I get this thing about structure, I think. Sometimes it sucks and sometimes it’s a security blanket even when it feels like it sucks.
Glad the vacation is going well.
A composition teacher of mine once said a structure just gives you a mold to pour your talent into. It’s been a helpful thought for me.
Mexico was nice. I felt a pang of guilt in the airport on the way there. Like I was “leaving” Ziggy behind. To his troubles. Carynne reminded me there really wasn’t a hell of a lot I could do and that in fact if I’d tried to go visit him before his 30 days were up I’d get myself carted off the premises. So, yeah.
Structure: Rhapsody. Which has no pre-defined structure.
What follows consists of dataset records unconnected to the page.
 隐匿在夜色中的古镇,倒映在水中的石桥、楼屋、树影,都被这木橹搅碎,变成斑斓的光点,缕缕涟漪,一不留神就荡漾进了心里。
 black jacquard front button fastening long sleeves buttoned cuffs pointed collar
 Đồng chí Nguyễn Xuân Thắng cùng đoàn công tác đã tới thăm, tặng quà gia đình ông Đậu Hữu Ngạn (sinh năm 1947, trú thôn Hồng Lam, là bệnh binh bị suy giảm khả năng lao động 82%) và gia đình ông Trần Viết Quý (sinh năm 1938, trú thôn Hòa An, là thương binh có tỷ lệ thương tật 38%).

Queen, “Bohemian Rhapsody”
Gershwin, “Rhapsody in Blue”
Very nice chapter — thanks!
Sections like this make me remember why I like Jonathon. Much less drama overall.
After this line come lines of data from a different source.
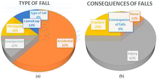 Type and consequences of falls. (a) Type of fall; (b) Consequences of falls.
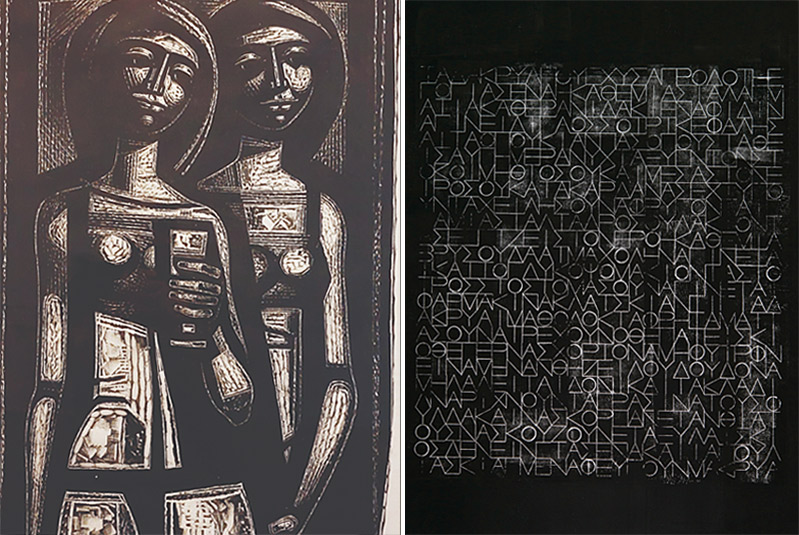 A. Τάσσος (Αναστάσιος Αλεβίζος), Σύνθεση με δύο γυναίκες, 1963 | Τάσσος Τριανταφύλλου, Game over baby-Η κατάρα της Γκόλφως, 2024
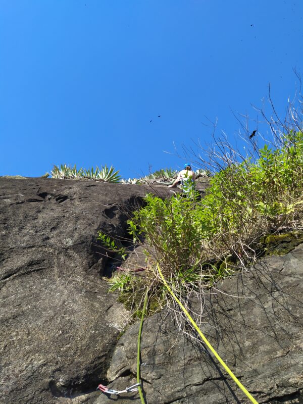 Passados mais cinco dias e estávamos nós de volta à parede para conquistar um dos lances mais bonitos da via: o lance da aresta! Logo após o P3, com ajuda do Magalhães que apontou um possível traçado passando pela aresta (enquanto eu estava buscando um caminho com muita vegetação) consegui vencer um trecho que alterna entre agarras e aresta, com a utilização de dois móveis. Porém, o lance ficou um pouco exposto demais e não é facil (eu não ia querer guiar aquele lance de novo rs) a ponto de colocamos uma chapeleta intermediária para reduzir o risco. Mais 30m de via e definido o P4.
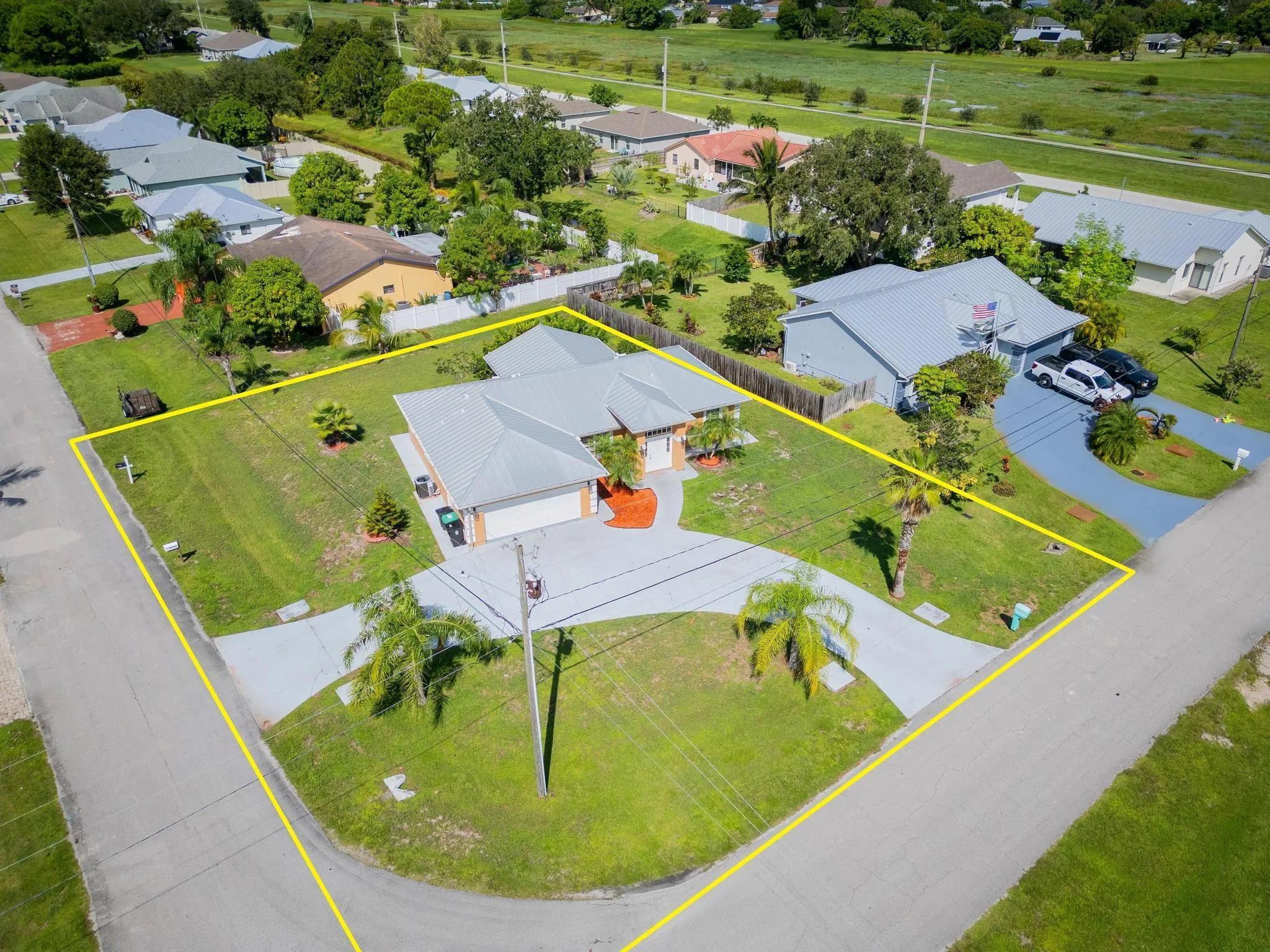 Welcome Home to this huge corner lot, 3 bedroom 2 bathroom home only minutes away from Jensen Beach! BEAUTIFUL BRAND NEW VINYL FLOORING THROUGHOUT! Stay cool with a brand new A/C installed in 2025! Open Concept Kitchen with granite bar counter top. Tons of natural light and plenty of space for entertaining! The oversized screened in patio with lush greenery surrounding it gives you the tropical paradise that you desire in an outdoor living space! Did I mention the owners suite has a private outside entrance?! Great for vacation rentals with close proximity to the beach and major shopping centers. The possibilities are endless! NO HOA!!

I admit that some of the appeal for me, too. Jonathan feels like a vacation, while Ziggy feels like work.
Then again, I might be a workaholic…
Sometimes all the extra work makes the payoff sweeter.
That’s true with sex and music anyway… (wait, I’m supposed to be convincing myself that J. is good for me, right?)
Heh, Jonathan is adorable.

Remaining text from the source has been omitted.